V10/vol2/index/sandt.notes
Indexing Vol2
47 ``unrelated papers -> 40
724 pages -> 617+index
troff, tex, monk
Term Generation
titles & headings - with stop list for Introduction, Conclusions etc
repeated noun phrases
distinguished words/distinguished word+next
.I
.CW
.UL
code for: single entry only
global entry only
font change
result: paper.terms
problems:
single letter commands: sam a, sed s
common words that are commands: anim again
commands that match parts of words: uucp pack (not package), con
partial solution: CW a, I pack
but would like to match terms in tables, examples & pictures
Phrase finding
diction - fgrep for English with longest match
works on ``sentences'' not lines (.?!)
maps uppercase to lower, some punctuation to space
in terms: map upper to lower, substitute something for terms with .
result: linenumber term1
term2
term3
...
where case is lost in term?
restore case & terms with .
run paper.sed to remove paper dependencies
i.e. monk & tex font changes
paper specific string definitions
kludges to avoid matching problems (CW a etc)
add some consistency between papers (DMD5620)
using line number as an approximation insert
.Tm phrase or \index{phrase}
in a safe place in the paper
i.e. not inside .TS/.TE .PS/.PE
(for tex s/\t/<tab>/ in phrases)
run troff/tex/monk to produce file with page numbers
result:
page number<tab>phrase #.*
create file of
phrase:papername:page_number
papername:phrase:page_number
or just 1 of above if single/global only
sort by phrase & accumulating page numbers and tagging with font info
result: paper.ind
con, ipc, 536 c
ipc, con, 536 c
Making the index
get page ranges for each paper
trash any \\f* stuff that remains (breaks sort)
sort */*.ind
put size changes around strings of caps (with numbers $ / etc)

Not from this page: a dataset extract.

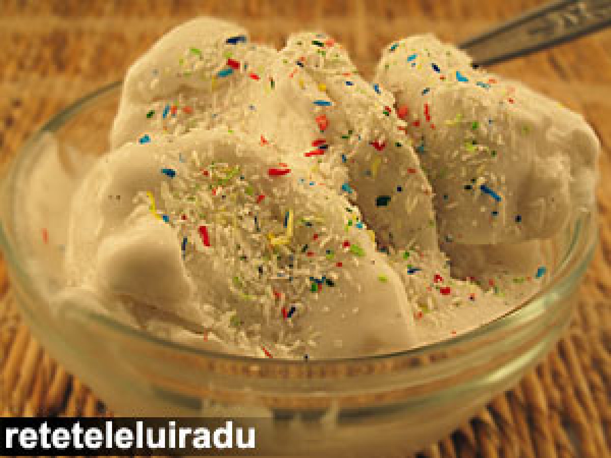 Inghetata cu nuca de cocos si vanilie DesertFoarte ușor10 min740 Kcal Trimite unui prieten Printează pagina Adresează o întrebare autorului Postează o poză cu rețeta gătită de tine Ingrediente 4 160 ml apa 120 g zahar 1-2 batoane de vanilie 500 ml lapte de cocos miez de nuca de cocos deshidratat Cost estimat: 0.75Euros€ (0.19€/porție)

for multiple line with the same first term
if term in papernames - put out papername in italic & page ranges
then only put out 2nd term & pages - arranging for CW font where coded
putting line breaks & indentation in appropriate places for long line
results: lots better than commencial index with v7 vol2
about the right length - bwk books .015, bently pearls .05 gerard .01 this is .012
problems
folding uppercase to lowercase destroys ability to recognize case where it matters
(sam d D commands)
lack of consistency between papers
typesetter, typesetting etc
-ms vs ms
would like some terms to be multiply entered or qualified
Typesetting Mathematics
Mathematics, Typesetting
papers that explain by example hard to index
usefulness of headings varies greatly among the papers -
for some they're useless, for others they're really all that's
needed
some terms simply not literally in the papers
it's impossible to tell what terms are missing